**** WORKING DATA ****

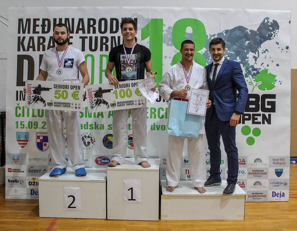 U kategoriji seniori open prvo mjesto te nagradu od 100€ osvojio je Marin Brkić iz Karate kluba Neretva Mostar. Drugo mjesto i nagradu od 50€ osvojio je Jakov Bunjevac iz Karate kluba Kik Ivanić Grad. Treća mjesta i prigodne poklon pakete osvojili su Ivan Planinić iz Karate kluba Hercegovina Čitluk i Nikola Vuletić iz Karate kluba Bratstvo Podgorica.
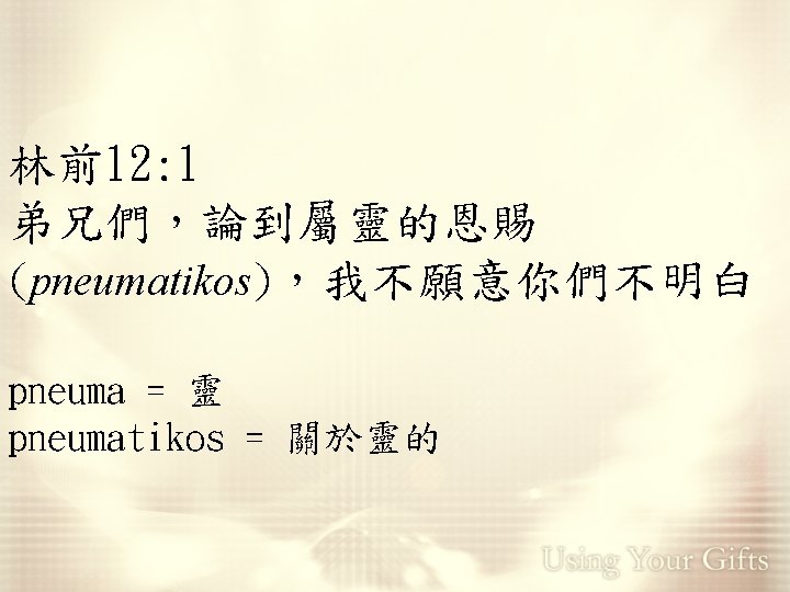 What makes a gift/ability “spiritual”? 1. 聖經中有提到的 vs. 聖經中沒有提到的? In the Bible vs. Not in the Bible? Bible NOT meant to have a complete list of gifts 2. 神蹟奇事、超自然能力 vs. 自然能力? Supernatural ability vs. Natural ability? No clear distinguishing of Supernatural vs. Natural 3. 聖靈直接賜給的vs. 不是聖靈直接給的? Directly from the Holy Spirit vs. Indirectly? Everything is from God (Father, Son, Holy Spirit) Supernatural ability – power source = Holy Spirit
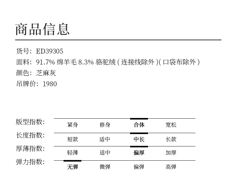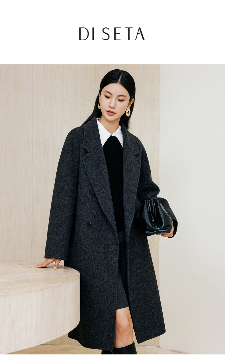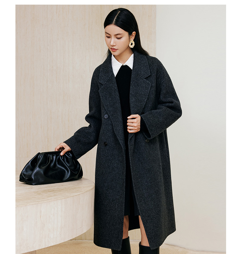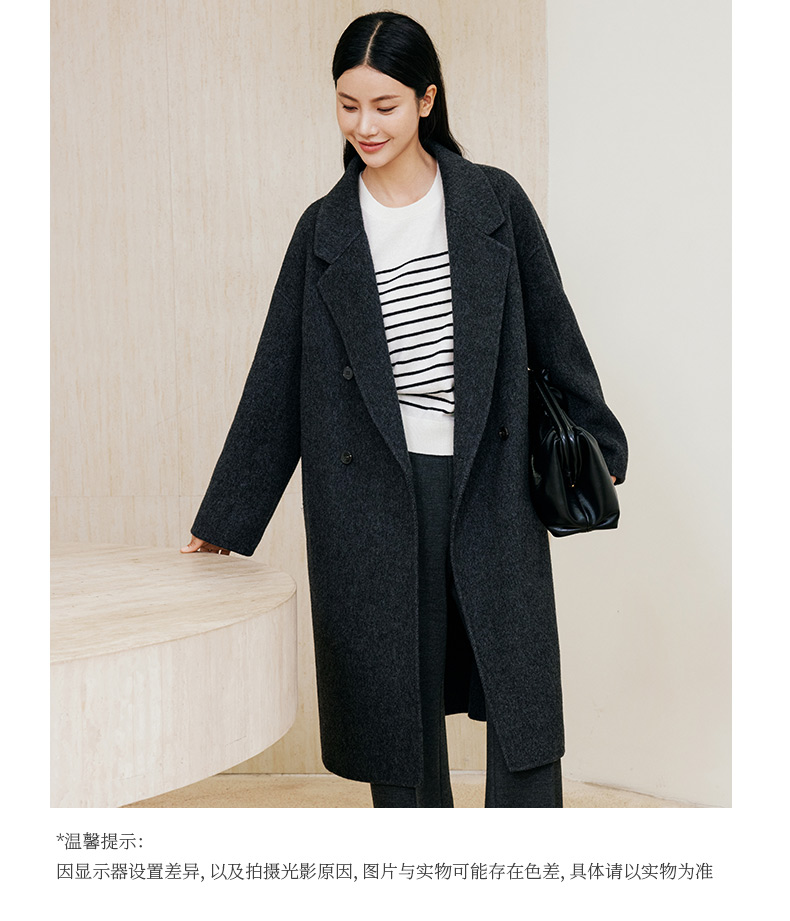 玳莎羊毛驼绒混纺双面呢大衣女24年冬季新款气质毛呢中长款外套 ED39305
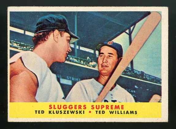 1958 Topps Sluggers Supreme with Ted Williams and Ted Kluszewski #321 - This Sluggers Supreme featuring Ted Williams is free of major defects, with corner wear and centering issues that contribute to the VG/EX grade.
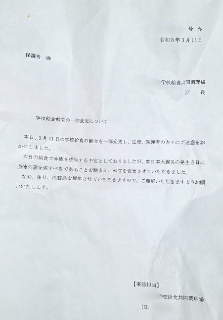 「学校給食献立の一部変更について」と題するその用紙には、「本日の給食で赤飯を提供する予定としておりましたが、東日本大震災の発生当日に追悼の意を表すべきであることを踏まえ、献立を変更させていただきました。
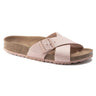 The BIRKENSTOCK Siena boasts a refined appearance. Crossed straps give the sandal its unique and special look. This popular sandal has been given an update in a new material, with a vegan version now available. It is entirely free of animal products, as verified by independent testing laboratories. The color-coordinated buckles with a textile feel and a matte design as well as the color-coordinated outsole are additional eye-catchers. The upper is made from a soft fabric.
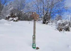 A causa della neve alta sul Sentiero 18 che impediva la prosecuzione della Camminata, i partecipanti hanno deciso di fermarsi al bivio tra il Muraglione e la Colla.
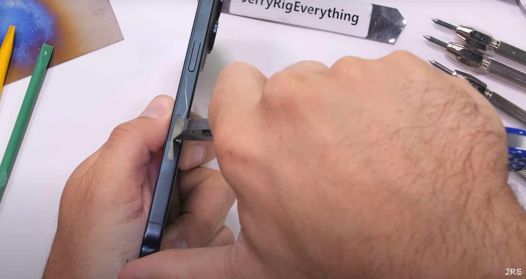 真名為Zack Nelson的YouTuber 「JerryRigEverything」拍片測試iPhone 15 Pro及Pro Max的「耐用性」,又用𠝹刀刮,又用火機燒,最後再徒手屈。結果Pro Max的前相機、主相機及背蓋在玻璃保護,沒有刮痕。屏幕的耐刮測試表現則跟多數手機差不多。
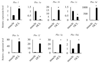 mRNA was harvested from femur muscle (described as muscle) and osteoclast like cells (described as OCL) derived from spleen cells stimulated with 30 ng/mL of M-CSF and 100 ng/mL of sRANKL for 7days. Expression level of Plectin isoforms’ mRNA was measured by quantitative RT-PCR
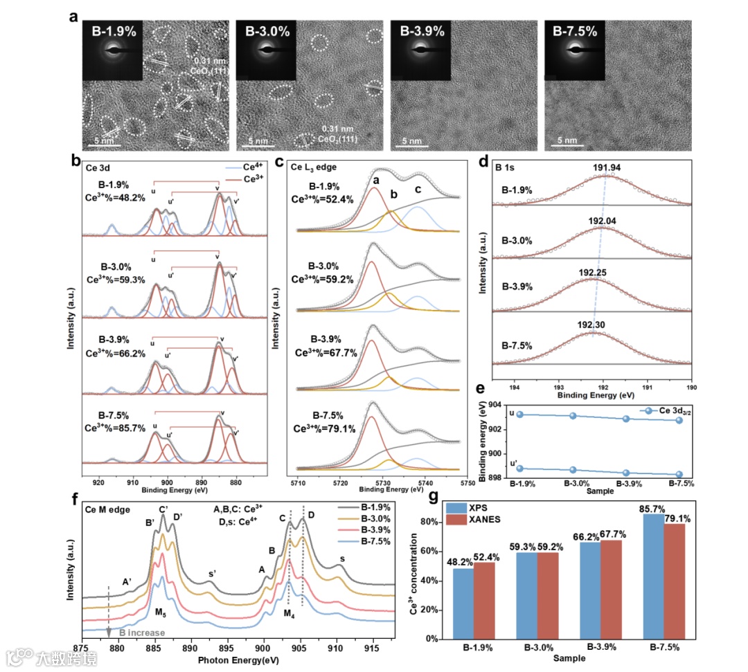 该非晶化策略的关键在于破坏传统CeO2晶体中对称性的有序结构。在该晶体中,每个氧原子通常与四个铈原子配位(OⅣ),形成高度稳定的结构。研究团队通过引入B掺杂,使每个B原子与三个O原子结合,形成平面结构的BO33-基团。这种结构单元不仅削弱了原有的Ce–O键,诱导形成大量三配位氧(OⅢ),同时也破坏了晶体对称性,成功促使CeO2发生非晶转变。第一性原理计算表明,B掺杂引起的结构畸变在CeO2带隙中引入了f轨道中间态,增强了Ce4+向Ce3+的还原趋势,且Ce3+比例随B含量增加而升高。当B掺杂量达到7.69%时,Ce3+含量可高达75%。

****

WORK REQUIRED: From the line containing "玳莎羊毛驼绒混纺双面呢大衣女24年冬季新款气质毛呢中长款外套 ED39305" through the line containing "mRNA was harvested", copy every line above exactly, without pictures.

FINAL ANSWER:
 玳莎羊毛驼绒混纺双面呢大衣女24年冬季新款气质毛呢中长款外套 ED39305
 1958 Topps Sluggers Supreme with Ted Williams and Ted Kluszewski #321 - This Sluggers Supreme featuring Ted Williams is free of major defects, with corner wear and centering issues that contribute to the VG/EX grade.
 「学校給食献立の一部変更について」と題するその用紙には、「本日の給食で赤飯を提供する予定としておりましたが、東日本大震災の発生当日に追悼の意を表すべきであることを踏まえ、献立を変更させていただきました。
 The BIRKENSTOCK Siena boasts a refined appearance. Crossed straps give the sandal its unique and special look. This popular sandal has been given an update in a new material, with a vegan version now available. It is entirely free of animal products, as verified by independent testing laboratories. The color-coordinated buckles with a textile feel and a matte design as well as the color-coordinated outsole are additional eye-catchers. The upper is made from a soft fabric.
 A causa della neve alta sul Sentiero 18 che impediva la prosecuzione della Camminata, i partecipanti hanno deciso di fermarsi al bivio tra il Muraglione e la Colla.
 真名為Zack Nelson的YouTuber 「JerryRigEverything」拍片測試iPhone 15 Pro及Pro Max的「耐用性」,又用𠝹刀刮,又用火機燒,最後再徒手屈。結果Pro Max的前相機、主相機及背蓋在玻璃保護,沒有刮痕。屏幕的耐刮測試表現則跟多數手機差不多。
 mRNA was harvested from femur muscle (described as muscle) and osteoclast like cells (described as OCL) derived from spleen cells stimulated with 30 ng/mL of M-CSF and 100 ng/mL of sRANKL for 7days. Expression level of Plectin isoforms’ mRNA was measured by quantitative RT-PCR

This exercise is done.